The result should be the lines from the one holding "This paper proposes" to the end of the records below, repeated exactly. No pictures.
Given information Block Start
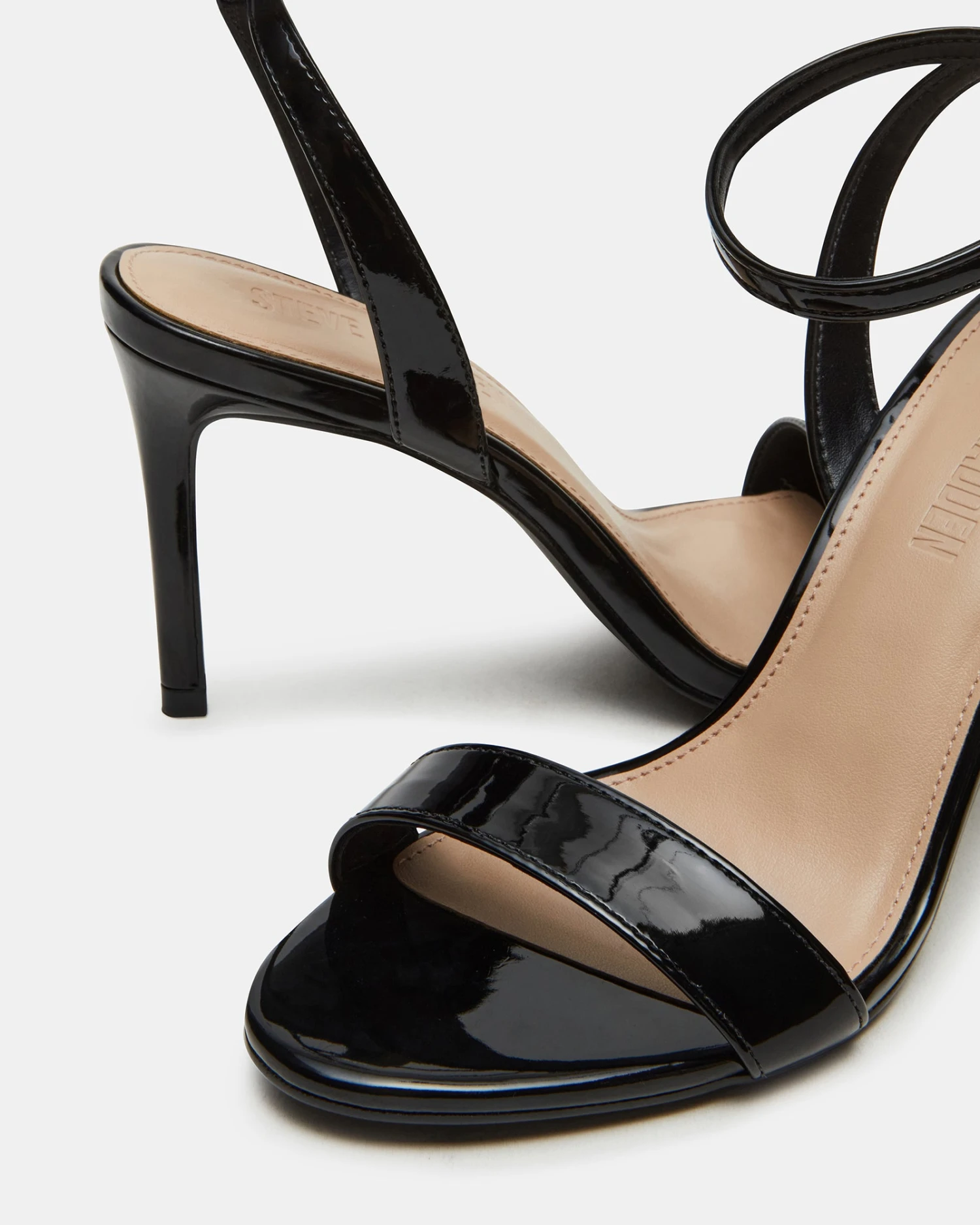 Expertly crafted for style and stability, the SUZIE stiletto heel features a secure ankle strap, strappy heel, and rounded toe. These design elements provide a confident stride and a chic look for any occasion.
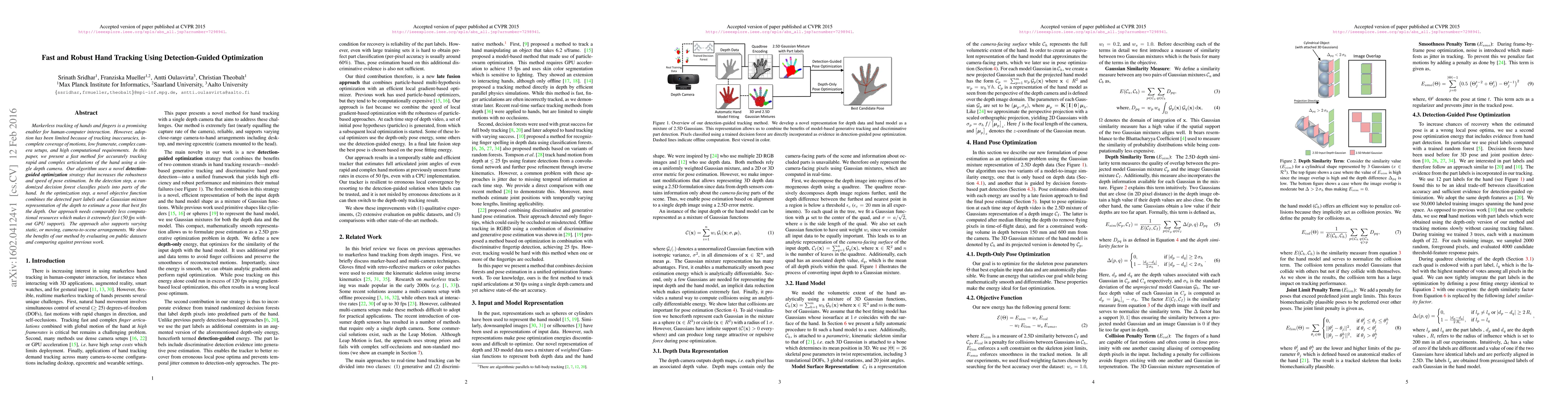 This paper proposes a fast and robust hand tracking method using a single depth camera, employing a detection-guided optimization strategy that enhances pose estimation speed and accuracy. The method leverages a randomized decision forest for initial hand part classification and an optimized objective function for pose estimation, achieving 50 fps without GPU support.
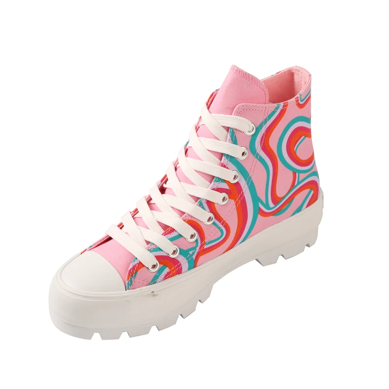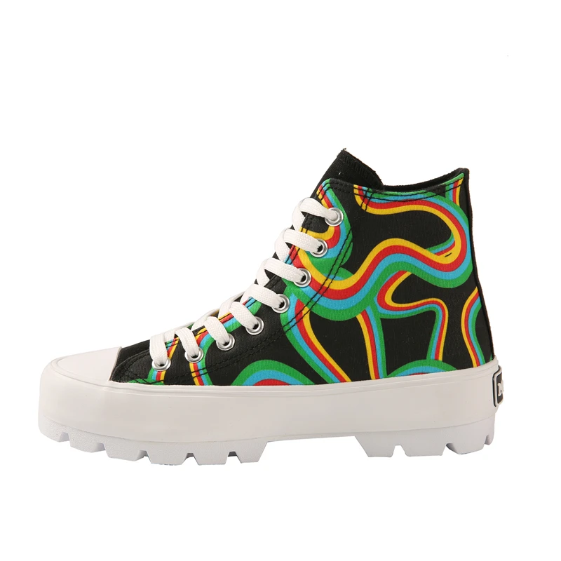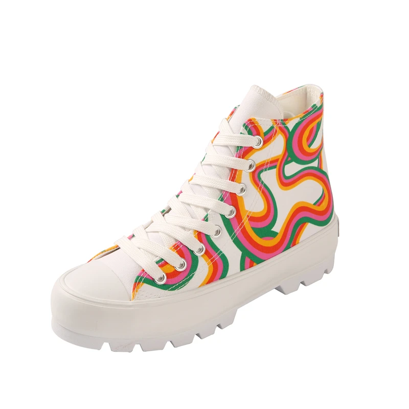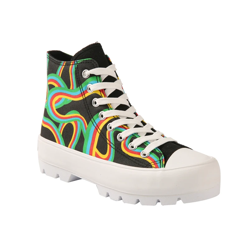 Canvas Trendy Shoes High Top Sneakers Multicolor Striped Pattern Vulcanize Shoes For Men
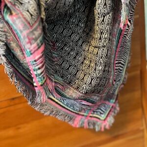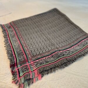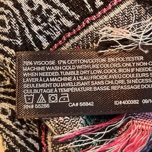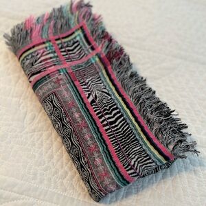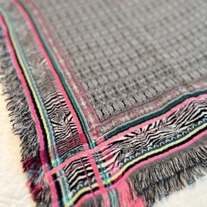 Stylish scarf with intricate patterns. Features black, pink, and green accents. Perfect for adding flair to any outfit.
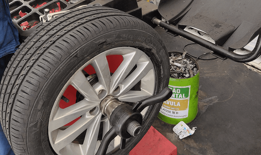 Esse processo envolve a fixação da roda e do pneu em uma máquina de balanceamento, que mede a distribuição de peso e determina onde contrapesos adicionais são necessários. Assim, esses contrapesos são colocados em posições específicas das rodas para compensar o desequilíbrio.
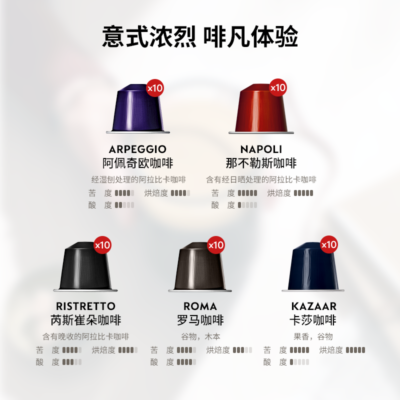 📚 NESPRESSO奈斯派索胶囊咖啡意式浓烈套装50颗咖啡胶囊含清洁剂
Given information Block End
Solved exercise =>
 This paper proposes a fast and robust hand tracking method using a single depth camera, employing a detection-guided optimization strategy that enhances pose estimation speed and accuracy. The method leverages a randomized decision forest for initial hand part classification and an optimized objective function for pose estimation, achieving 50 fps without GPU support.
 Canvas Trendy Shoes High Top Sneakers Multicolor Striped Pattern Vulcanize Shoes For Men
 Stylish scarf with intricate patterns. Features black, pink, and green accents. Perfect for adding flair to any outfit.
 Esse processo envolve a fixação da roda e do pneu em uma máquina de balanceamento, que mede a distribuição de peso e determina onde contrapesos adicionais são necessários. Assim, esses contrapesos são colocados em posições específicas das rodas para compensar o desequilíbrio.
 📚 NESPRESSO奈斯派索胶囊咖啡意式浓烈套装50颗咖啡胶囊含清洁剂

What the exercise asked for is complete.